Assuming the existence and completeness of the real nunbers, any metric space M can be isometrically embedded in a complete metric space M' (which is also denoted as M with a bar over it), which contains M as a dense subspace.

I removed the part "Assuming the existence and completeness of the real nunbers,...". This is an assumption which is always satisfied, and all real analysis relies on it. This article is not the place in which to discuss the existence of real numbers. I think it is enough to mention, as you did below, that the actual construction of real numbers is not so simple as the completion of a metric space. No? You can reply here. Thanks. Oleg Alexandrov (talk) 02:40, 5 June 2007 (UTC)

to reply to your question above, about the right place at which to mention the construction of the reals, that place is Construction of real numbers. Oleg Alexandrov (talk) 02:41, 5 June 2007 (UTC)
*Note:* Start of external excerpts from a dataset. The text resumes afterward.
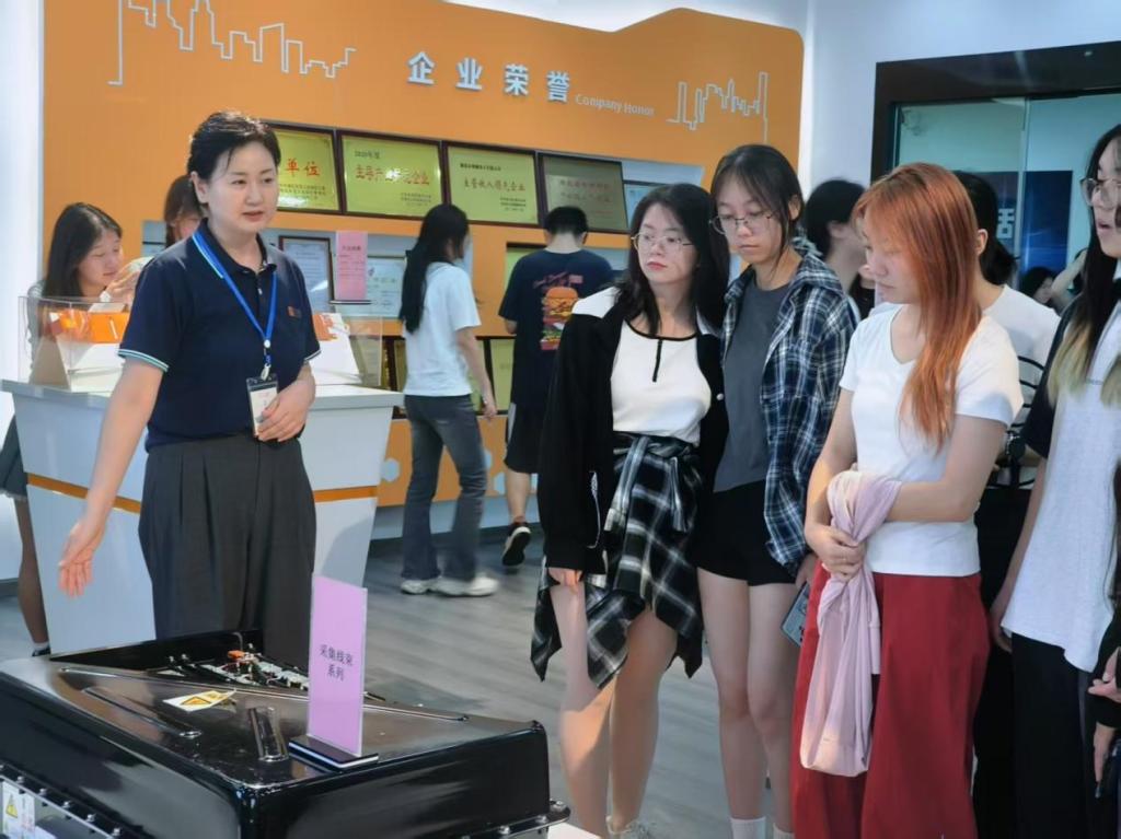 在湖北永创鑫电子有限公司,同学们依次参观了公司的生产车间、研发中心和产品展示区。企业负责人详细讲解了电子元器件的生产流程、先进制造技术的应用以及公司核心产品的研发理念。同学们对高度自动化的生产线和精密电子设备表现出浓厚兴趣,积极提问并与工程师交流,深入了解行业技术发展趋势。
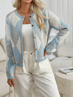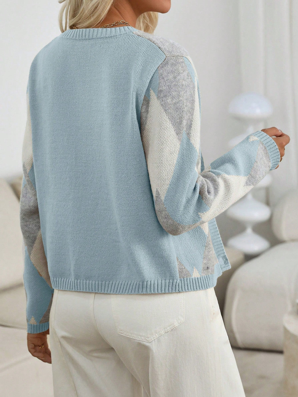 Cardigan casual con motivo a blocchi di colore e diamanti per donna
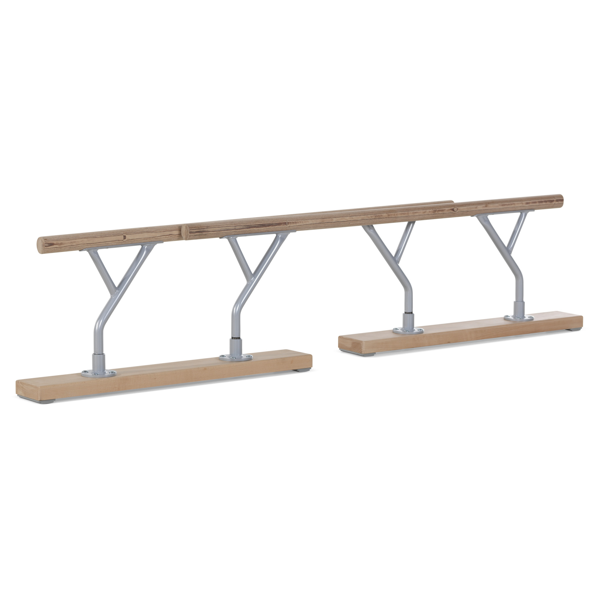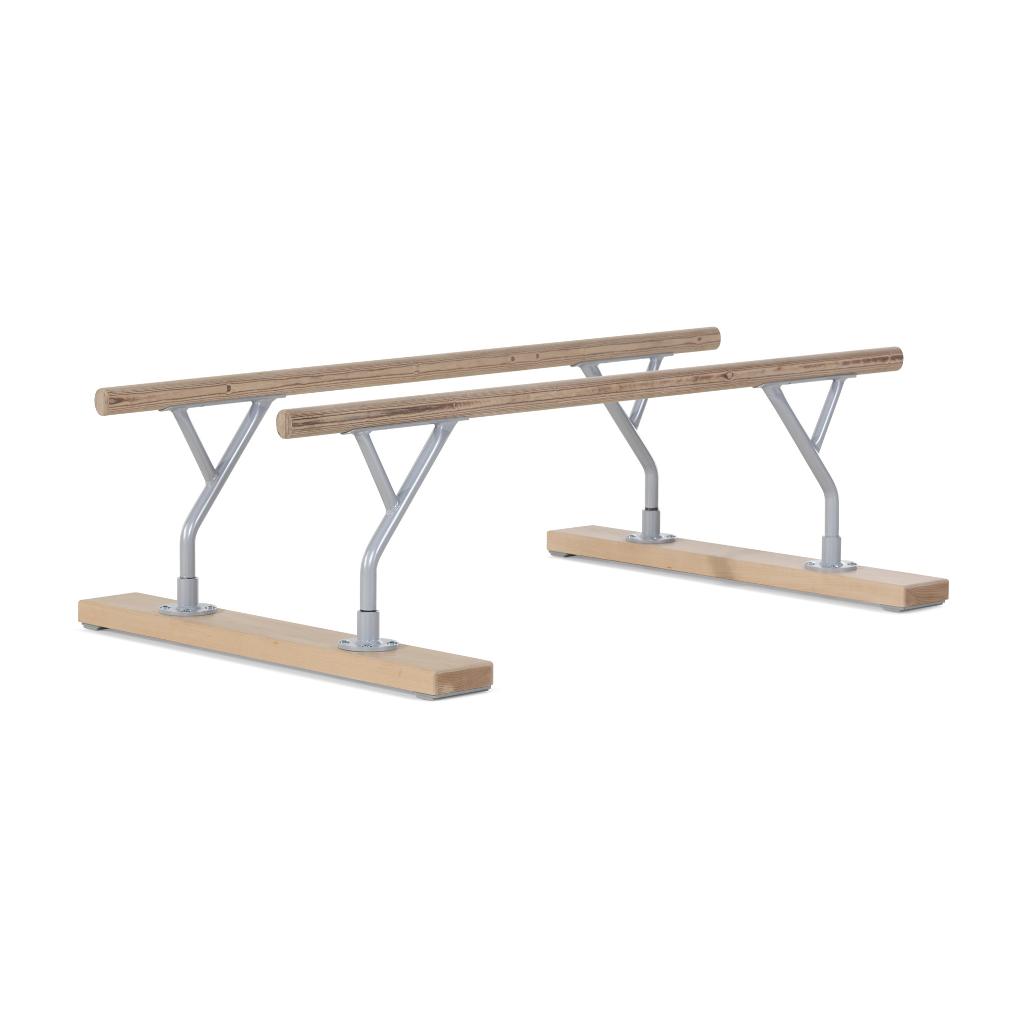 Kokoontaitettavat harjoitusnojapuut portaattomalla leveydensäädöllä. Pinnoitettujen puuaisojen maks. etäisyys 46 cm. Korkeus 40 cm, aisojen pituus 250 cm.
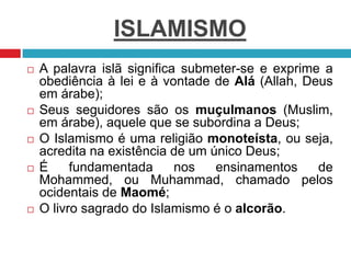 O documento resume as principais características do Islã, Judaísmo, Budismo. O Islã acredita em Alá e Maomé, com cinco pilares como a oração e o jejum. Os muçulmanos se dividem em Sunitas e Xiitas. O Judaísmo tem origem com Abraão e o Torá como livro sagrado. O Budismo tem como fundador Sidarta Gautama e ensina a reencarnação guiada pelo carma até alcançar a nirvana.
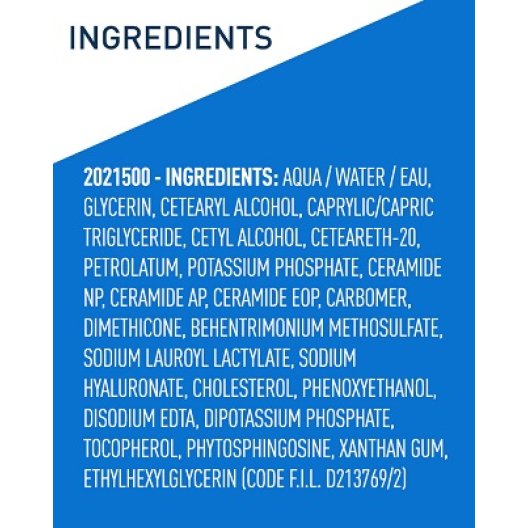 Aqua / Water, Glycerin, Cetearyl Alcohol, Caprylic/Capric Triglyceride, Cetyl Alcohol, Ceteareth-20, Petrolatum, Dimethicone, Phenoxyethanol, Behentrimonium Methosulfate, Potassium Phosphate, Ethylhexylglycerin, Sodium Lauroyl Lactylate, Disodium Edta, Dipotassium Phosphate, Ceramide Np, Ceramide Ap, Phytosphingosine, Cholesterol, Xanthan Gum, Carbomer, Sodium Hyaluronate, Tocopherol, Ceramide Eop.
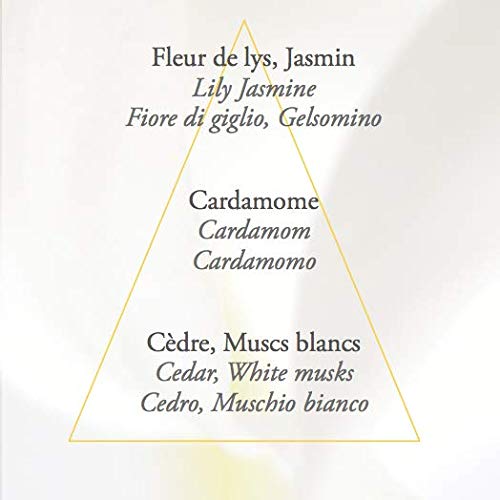 Il profumo incantevole di giglio si mescola al gelsomino fresco, scintillante in un cuore speziato di cardamomo, infine in una graziosa base di cedro e muschi bianchi.
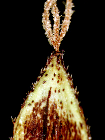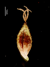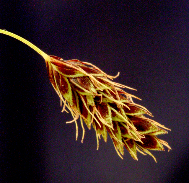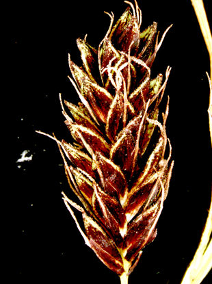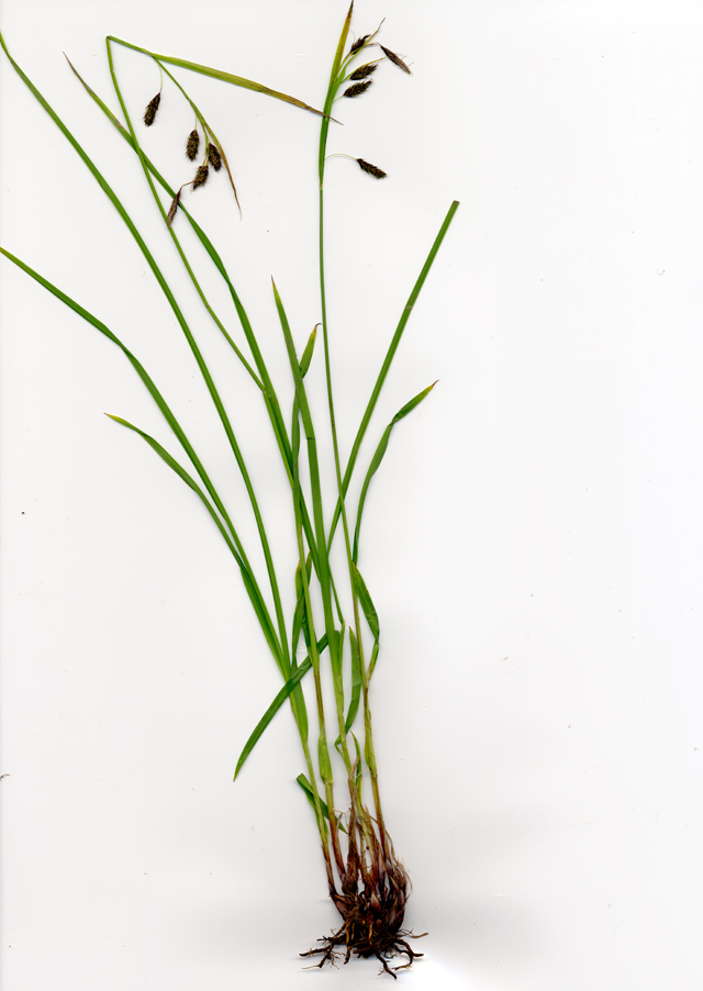 Carex scita Maxim. var. riishirensis Kukenth. 【国内分布】北海道の高山草地。【国外分布】サハリン。 【同定のカギ】北海道の高山の湿った草地に生える。有花茎の上部がざらつく。雌小穂は、柄が長く下垂する。鱗片は濃赤紫色〜濃赤褐色。果胞は、雌鱗片よりやや長く、長さ4.5−5 mm、幅1.5−2 mm、稜間に3−4の細脈があり、濃赤紫色の斑点があり、両側に刺毛がある、上部は次第に狭まり短い嘴となり、口部は凹形。柱頭は3岐。 【ノート】リシリスゲは、シコタンスゲに似るが、果胞の長さが短い。また、ミヤマアシボソスゲとは有花茎の上部がざらつくことで区別できる。
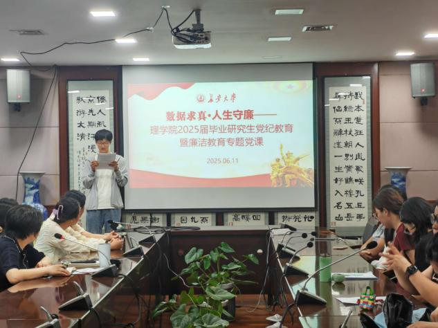 会议伊始,全体成员观看了三个有关廉洁教育的小短片。随后,屈颖邀请毕业生班长许志航宣读了《弘毅笃学扬清韵 守正创新启廉程——致2025届全体毕业生廉洁从业倡议书》,并以廉洁从业倡议书为基点和重点,结合具体事例从廉洁的主要内涵、加强廉洁教育的意义、崇廉尚廉 以廉修身等三个方面对毕业研究生廉洁从业进行了深刻讲解。她结合毕业生未来学习、生活、工作中可能出现的违规违法违纪问题,教育引导毕业研究生用实际行动坚守初心使命,端正治学和工作态度,明辨是非、恪守正道、坚守底线,以廉洁之姿,行稳人生之路。最后,屈颖对2025届毕业研究生提出三点希望:一要以廉立身、以德立学,严守规矩、保持定力,时刻保持“自重、自省、自警、自励”;二要牢固树立正确世界观、人生观和价值观,自觉抵御贪腐之风,努力做德才兼备社会主义事业的接班人;三要牢记初心使命,在诱惑面前挺直脊梁,在全面建设社会主义现代化国家的新征程上挺膺担当,绽放璀璨光芒。
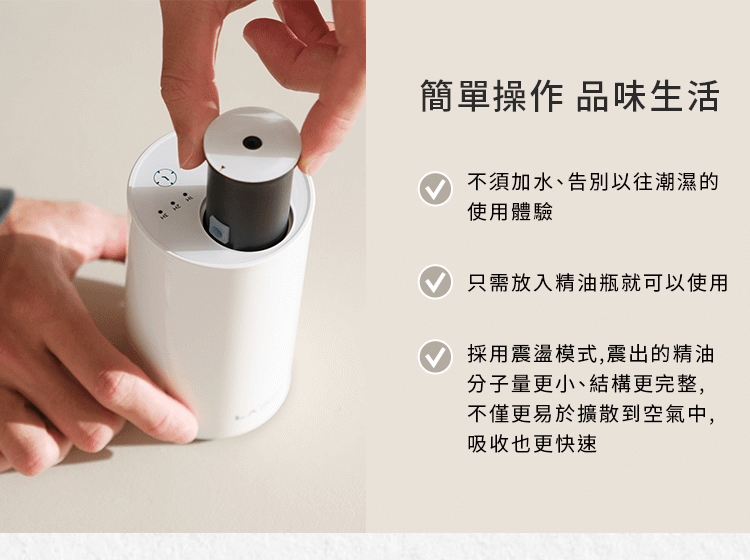 讓每一個空間都充滿自然的香氣,無需加水、無需擔心濕氣。
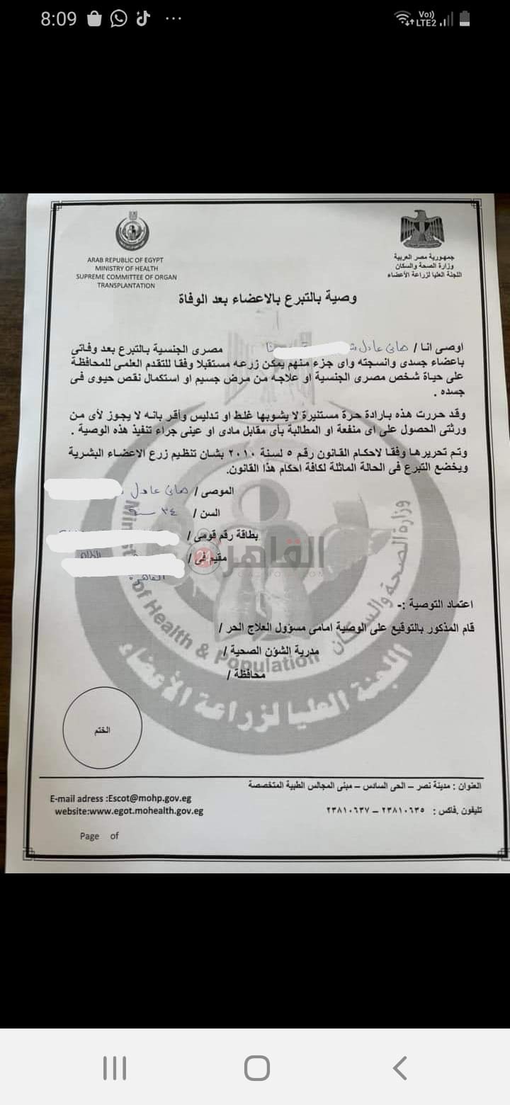 ذهبت إلى الشهر العقاري لتوثيق تبرعي بالأعضاء ولكن فشلت المحاولة.. هكذا كانت أول محاولة لـ هاني لتوثيق التبرع، والتي باءت بالفشل.

Start again; I did not know about the "Construction of the reals page" this makes some difference to the discussion. You are right this time, about the fact that the embeddability of a metric space in a complete metric space does not depend logically on the completeness of the reals. However, the construction of the completion with the metric as described does depend logically on the assumption that the reals exist and are complete, so one has to spell out this assumption carefully if one is to make the claim that the construction works for all metric spaces. There are 2 choices: once could refer to the Construction of the reals page after pointing out the logical problem in assuming the completeness of the reals when trying to construct them. Or, one could give the careful construction of the reals as completion on this page, and refer on the general construction page to the Complete metric spaces page. Starting afresh, my preference might be the second. But it's late, and unlike you, I don't live in LA, so it's far past my bedtime . Messagetolove 03:26, 5 June 2007 (UTC)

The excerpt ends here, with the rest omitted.